On the other hand, the need of our day is every bit as acute as when Jesus walked physically on the earth. Furthermore, the truth He taught remains the only antidote to the world’s spiritual poison. The insight of the parables, the beauty of the Beatitudes, the woes against the ways of the outwardly religious Pharisees are not at all out of style or step with the times. While we cannot preach like Jesus in certain ways, we must follow his example in some significant identifiable ways.
The key lies in distinguishing the person of Jesus from the preaching of Jesus, His divine prerogatives from His human performance. In other words, if our preaching can reflect Him rather than merely mimic Him, our preaching can honor Him. Jesus’ preaching was both Self-centered and God-centered, while ours can only be the latter. If we can distinguish between the aspects of His preaching that belong solely to His deity and those characteristics that can still be communicated by earthen vessels, we can learn how to reflect Him better when we preach.

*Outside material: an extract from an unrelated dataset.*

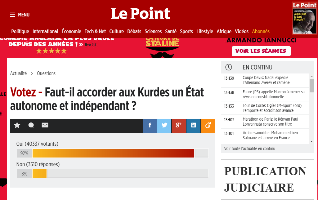 گۆڤاری "لو پوانت" (Le Point) لە ماڵپەڕی فەرمیی خۆی ئەو ڕاپرسییەی ڕاگەیاندووە و بە خستنەڕووی پرسیارێک دەپرسێت (ئایا پێویستە کورد وڵاتێکی سەربەخۆی هەبێت)؟.

Once we take a step back from His person and evaluate His preaching, we understand five key ways in which Jesus preached Himself. One could easily find additional ways that Jesus preached Himself which we can emulate, but these core issues should mark and define our preaching as they did His.
Whenever Jesus preached, He always preached and pushed for a decision. He never concluded a discourse with, “But that’s just what I think. You might feel differently.” He forced a crisis, asked for a verdict, often confronting His audience with only two options — follow or don’t, be wise or be foolish, sell all or turn back, be a sheep or a goat! He forced his followers to face their future and to take responsibility for their actions. He made it clear that indecision was impossible because making no decision was actually making the choice to reject Him and His message.